The “cabin” was more like a ski lodge – cavernous, sterile, sparsely furnished (why had I not known this in advance?  I really don’t recall, but, didn’t I see pictures???) and about ten times too big for us.  I think we counted bedding for 20 people, no joke.  So, out the window immediately went my foolish imaginings of the cozy honeymoon cottage deep in the woods, with an intimate fireplace glowing where we could bond after the invigorating and meditative walk through the woods to a nearby hamlet.

honeymoon cottage

None of this was the case.  The nearest village was Montpelier, too far to walk and not an easy drive in a lumbering boat.  But, neither was there a diesel station in Mount Snow, so we had to make the Montpelier trip anyway, because we were by arrival time perilously low on fuel.  To make matters worse, the Merc was not used to the subzero temps, so the glow-plug would stick, and apparently the fuel became a thick viscous gum that meant the car would stop and start fitfully over the remainder of our stay.

To top things off, the chalet came with — I am not exaggerating — a one and a half-inch thick binder of instructions and prohibitions.  The owners of the property warned about what we could and mustn’t use from supplies, what brands we must replace them with, and where to put them.  What to do with every inch of that cabin, from the fireplace (walk in, and plain) to the kitchen, to any bathrooms we might use, to the disposal of the trash, the way to set and reset the alarm, to letting the gardeners into the tool shed and the fact that the whole structure ran on a generator and propane gas, the latter we were expected to replace by ordering a two-tank delivery before we left.  I sat down and burst into tears and, while my husband called his mother again (!) to make sure she was recovering satisfactorily from the wedding traumas, I ran around checking all my instructions before we both fell asleep on the floor in the downstairs living area, in the street clothes we wore for the drive up.

honeymoon drudge

There were other snafus that will likely make their way into future posts when levity is needed. Still, Montpelier was a nice place to go and have dinner and shop during the cold but sunny crisp days that followed that week.  We had our first big argument about whether or not we were required (in order to get the deposit back, I guess) to comply with all the rules and regulations set out in that binder, or whether as my husband would have preferred, we just left the place a mess and forewent the deposit, so as to put a thumb in the eye of those ridiculous owners. Needless to say, the last day of my honeymoon saw me scouring, vacuuming, scrubbing, sweeping, polishing and installing a propane tank on my own.  My husband refused to lift a finger, as he had paid for it and was not about to contribute to my insanity or theirs (the owners – they may not have known this was a honeymoon, to be fair to them; I simply don’t remember).

SCROLLWORK SPACERS

There is a coda to this absurd string of events, that took place back in LA, which I will save for the future. What I took away from this experience at the time, I don’t know.  In hindsight, I can see that my struggling to have things my own idiosyncratic way, paddling upstream, so to speak probably led in an ironic twist of fate to all these woes.  I have tried to be objective about my constant chafing against convention, always being different.  Never wanting to conform or to be viewed as a docile sheep, I have actually made quite a few things much more difficult in my life than had I been more secure in my uniqueness and simply gone along to get along.

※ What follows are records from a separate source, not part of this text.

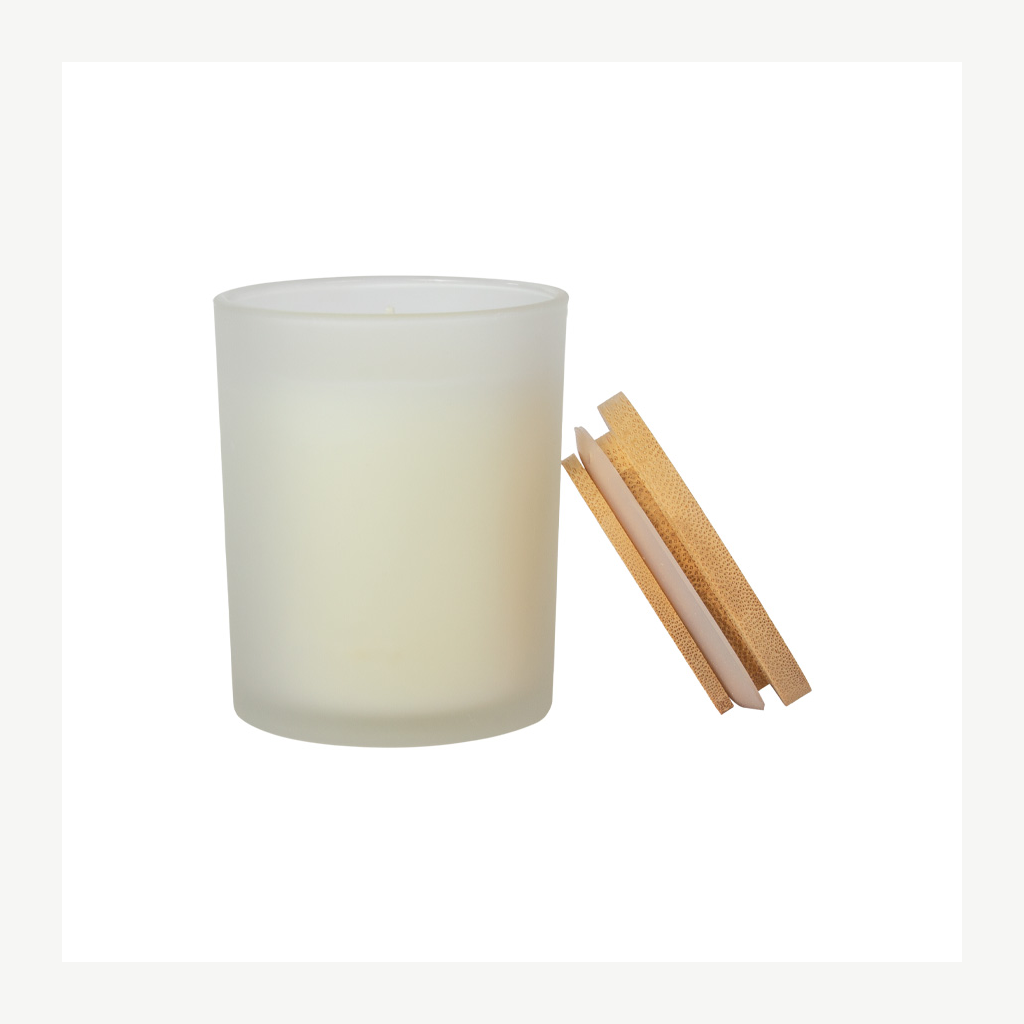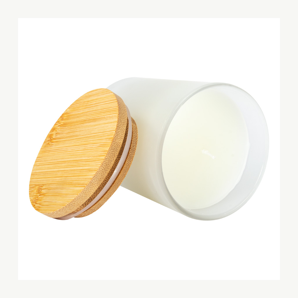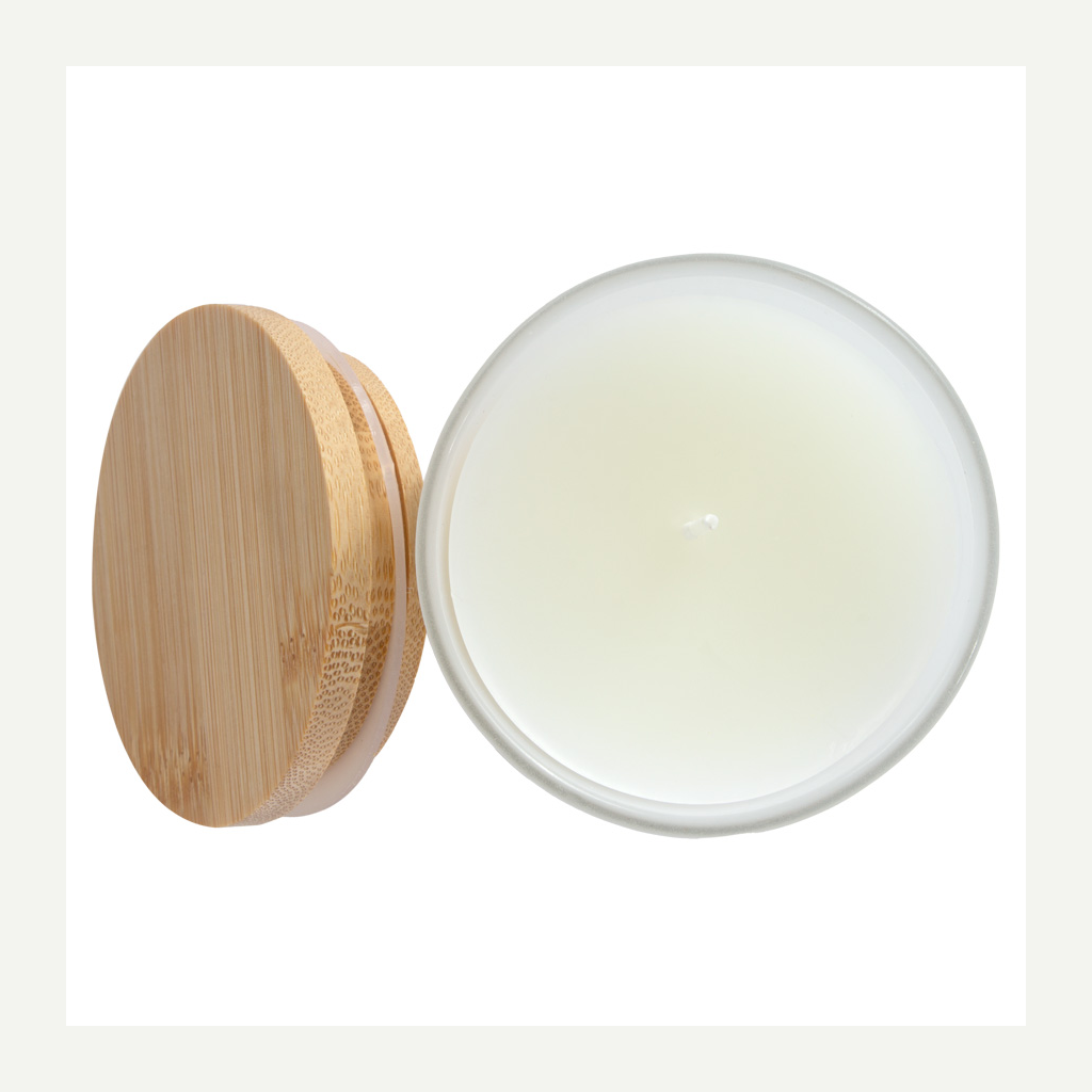 Vela aromática de 8oz en envase redondo de vidrio empavonado con tapa de Bamboo. Aroma a Vainilla. Ideal para regalo de hogar y aromaterapia. Amplia superficie de impresión de logo.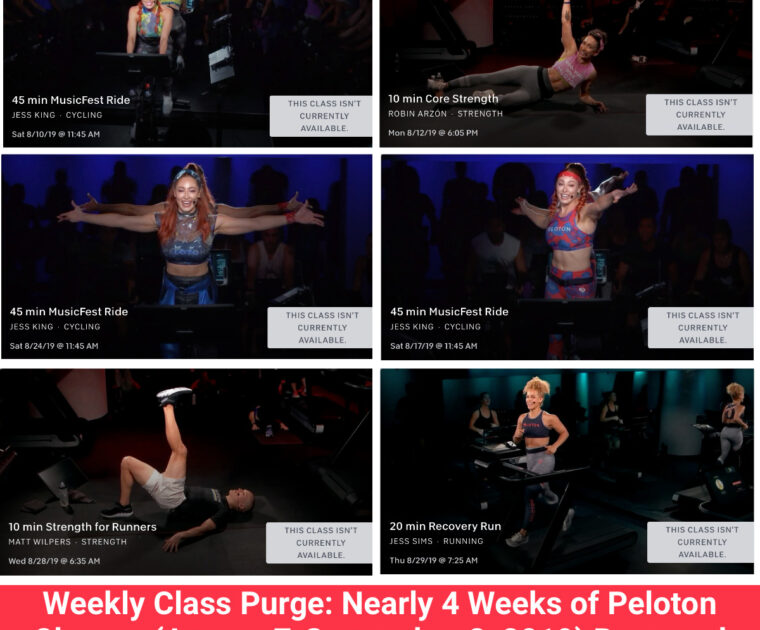 Weekly Class Purge: Nearly 4 Weeks of Peloton Classes Removed From On-Demand Library (August 7-September 2, 2019) on June 16, 2023
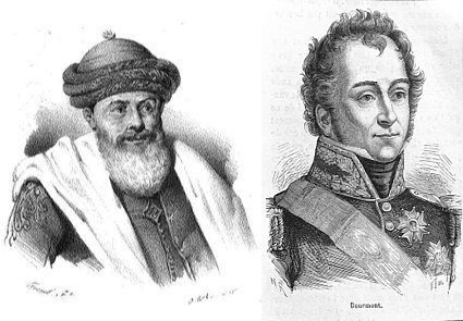 » – توقيع المعاهدة في المعسكر المخيم في الأبيار قرب مدينة الجزائر يوم 5 جويلية 1830م، إمضاء: الكونت دي بورمن، خاتم حسين باشا داي الجزائر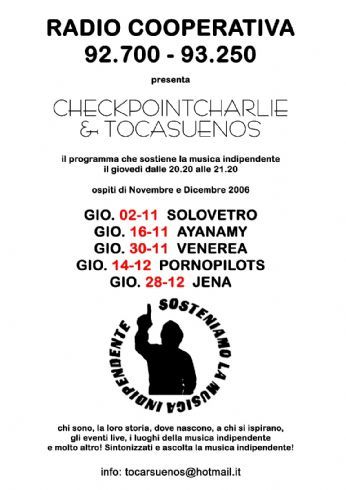 stasera, per chi non sa come passare il tempo, a radio cooperativa ci siamo noi, JENA, ad occupare per unora la trasmissione a radio cooperativa..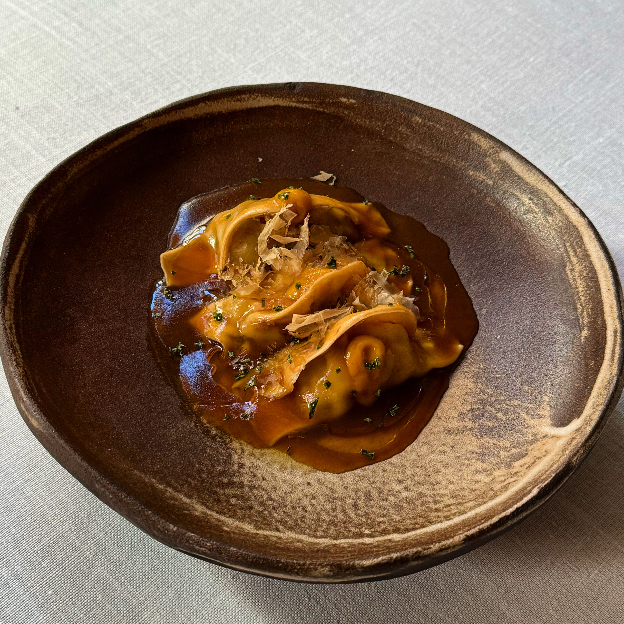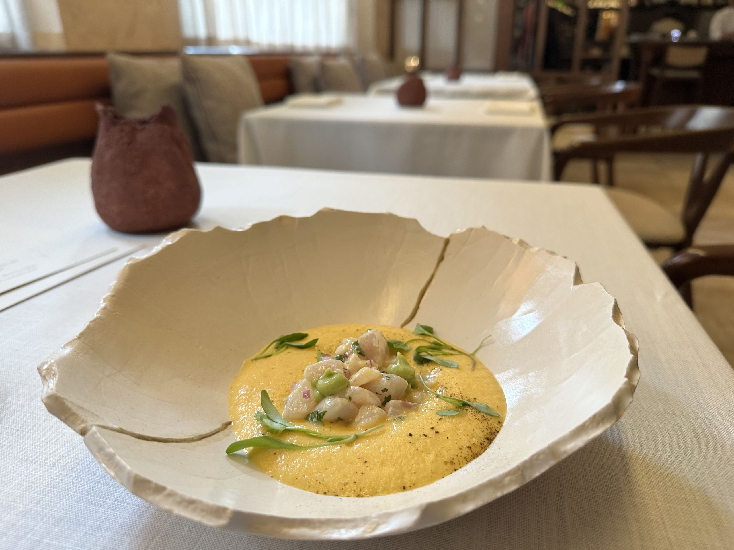 Uno de los mejores platos del menú, las gyozas de verduras y langostinos, que Andrés las prepera con el relleno marcado al vapor acompañadas con un suquet thai, terminado con puré de zanahoria asado con dashi no moto y katsuobushi.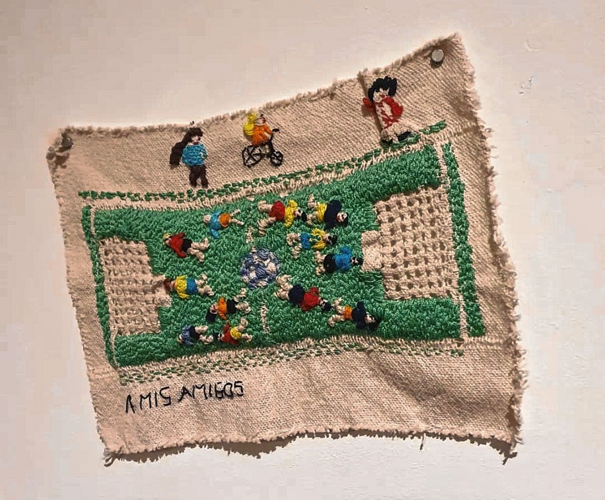 “Marcelo no le había contado a nadie de ese diario, pero había dejado escrita la dirección de la casa de su papá para que, ante cualquier suceso, se lo enviasen. Cuando lo recupera en la inauguración del Museo Malvinas, yo se lo pido para hacer un diario textil que después se transformó en otra cosa y quedó plasmado en la muestra “Archipiélago”. Me costó mucho leer el diario porque tiene cuestiones emocionales muy fuertes. Le habla mucho a su mamá, a sus amigos hinchas de Rosario Central, tiene un relato del día de su cumpleaños que es bastante desgarrador. Yo tenía 23 años cuando fue la guerra y me hizo revivir muchas emociones”, relata María Blanco.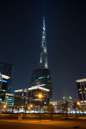 DUBAI, UAE - NOVEMBER 27: Burj Khalifa by night on November 27, 2014 in Dubai, UAE. Burj Khalifa is currently the tallest building in the world, at 829.84 m (2,723 ft).
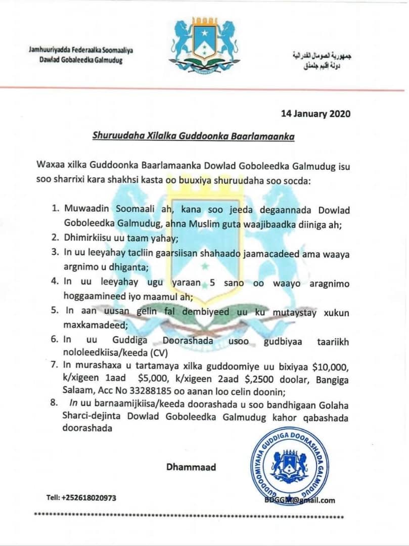 Hoos ka akhriso shuruudaha xilka guddoonka baarlamaaka Galmudug.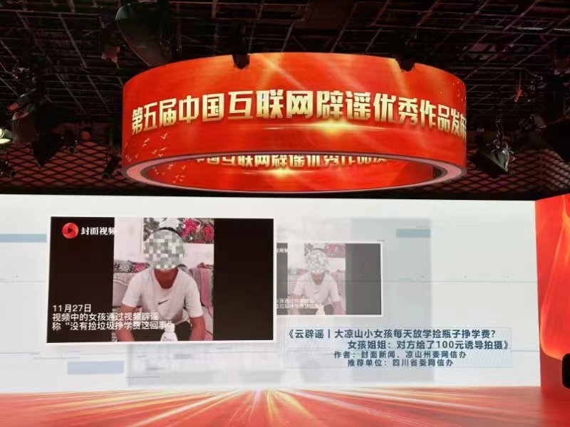 由涼山州委網(wǎng)信辦、封面新聞制作的《云辟謠 | 大涼山小女孩每天放學(xué)撿瓶子掙學(xué)費(fèi)?女孩姐姐:對方給了100元誘導(dǎo)拍攝》(點(diǎn)擊查看作品)獲得網(wǎng)絡(luò)辟謠版塊社會(huì)民生類獎(jiǎng)項(xiàng)。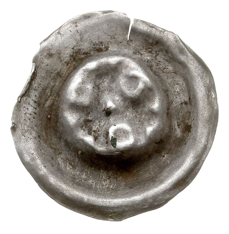 ŚLĄSK, brakteat, Potrójna roślina, srebro 0.23 g, Fbg 1023, znany ze skarbu z Lichenia, ciekawa odmiana z kulkami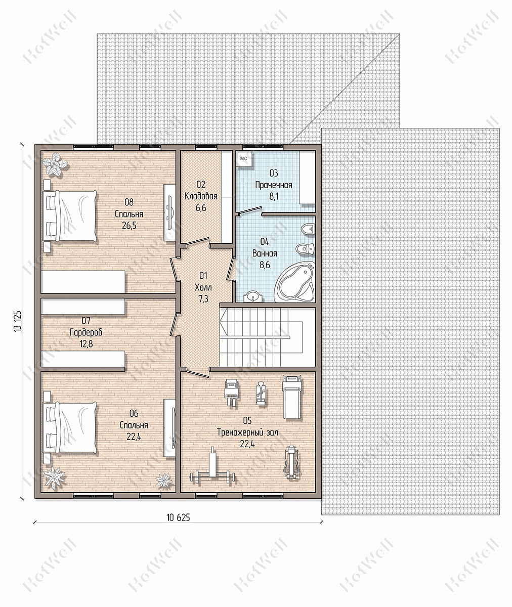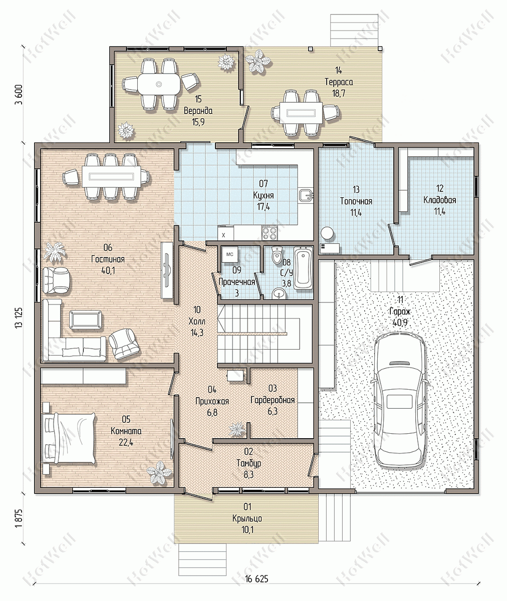 Дом с мансардой 19 на 17 метров, общей площадью 404 м2, из СИП панелей, с гаражом, террасой и спальней на первом этаже.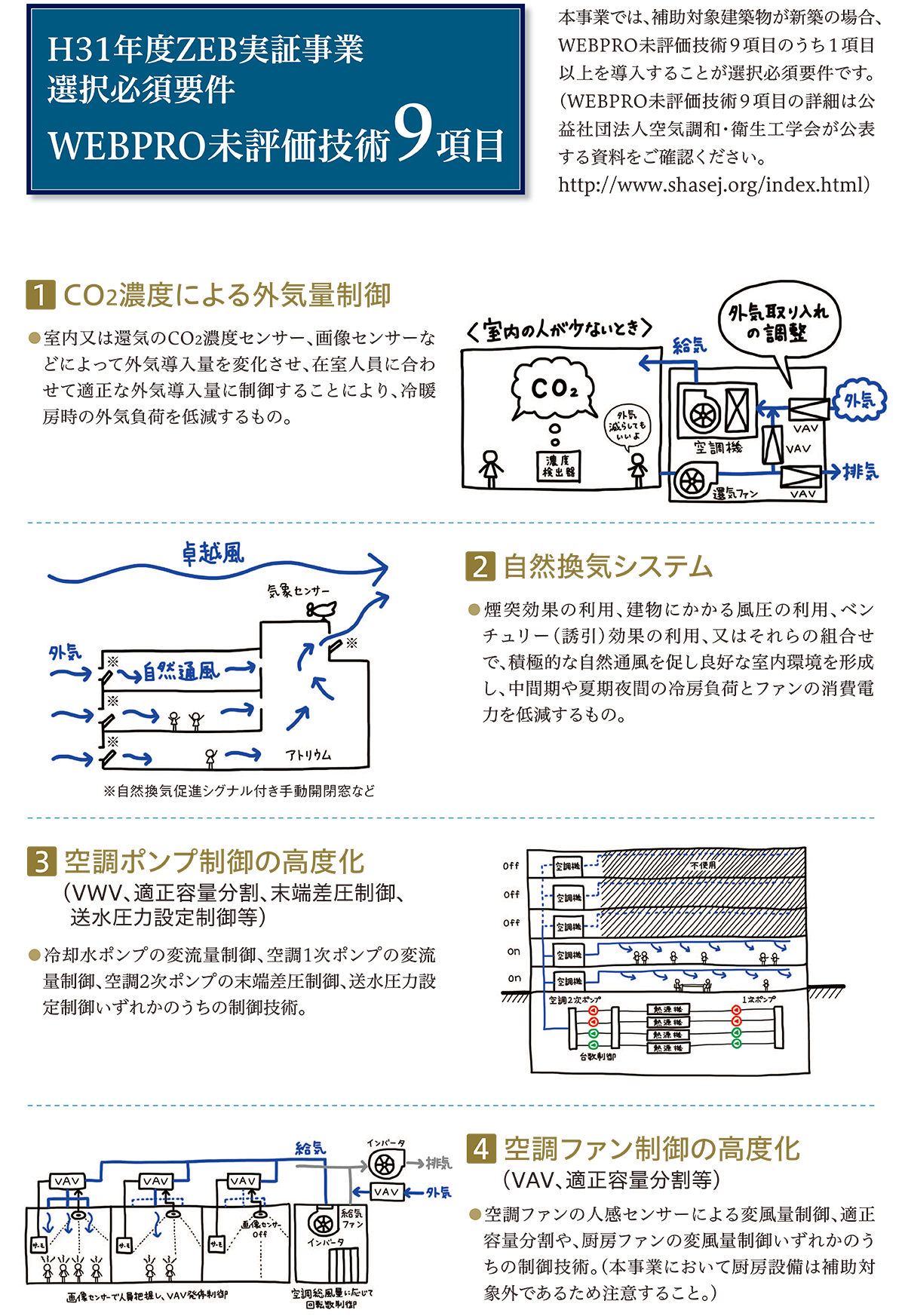 交付要件にも変更点がある。2019年度から、エネルギー消費性能計算プログラム(WEBPRO)の未評価技術の9項目のうち1項目以上を導入することが必須要件となった。併せて、未評価技術の効果を含む計測、記録を行うBEMSの導入も必須となる。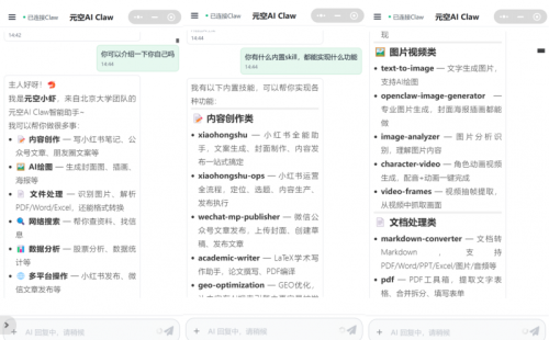 元空AI Claw不仅带有北大的技术基因,更在商业模式上推行极致的“技术平权”。它定位为“中国最易用的龙虾”,核心优势在于极致的零门槛体验。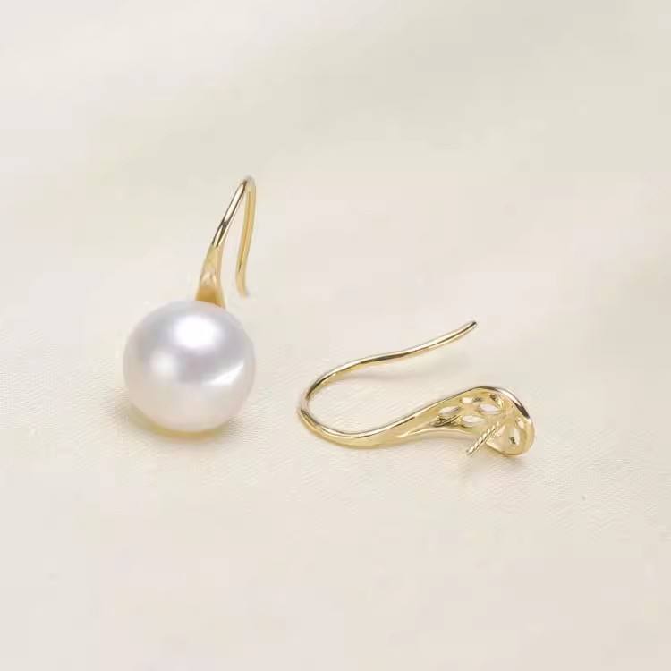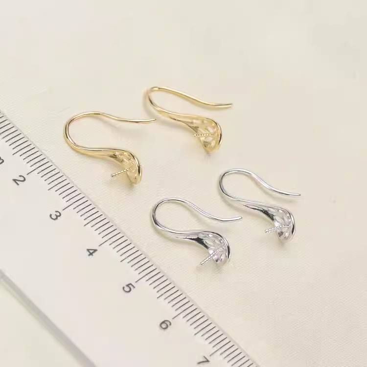 S925 Silver DIY Pearl Accessories 2445 Hollow Bracket Ear Hook with 9-11mm Flat Beads for Nail Earrings

Nevertheless, you will see as I periodically unpack these past episodes here, some amusing, others only painfully instructive, there is a pattern of striking out on the path less taken and suffering or enjoying the consequences.  In the meantime, I will break up this personal focus with the current events and causes that take up my life and time now that I am older and a bit wiser.  So, this is just the beginning …

paw2014-s

20 Comments on “The Un-y-moon – Part II

  1. OK, I expected that you would get on the road a few hours late, but 7 PM???? That’s ridiculous! It’s impressive someone can dawdle for that long, actually.

    Our honeymoon was in San Francisco and I guess as happens on all honeymoons I learned too much about my husband on that trip to enjoy myself. Such as his insistence on being on the go 24-7 when all I wanted to do was chill out. And out expensive, right on the water hotel room was so tiny in reality you couldn’t chill in it anyway – the bed barely fit in there! And he was so cheap he wanted to walk everywhere rather than take cabs or buses, including late at night in dangerous areas….oh how I realized then that for us ‘vacations’ need to be in big lazy cabins where my husband can’t drag me around on 8 million sight-seeing trips! But never having been a traveler I did not know that about myself back then.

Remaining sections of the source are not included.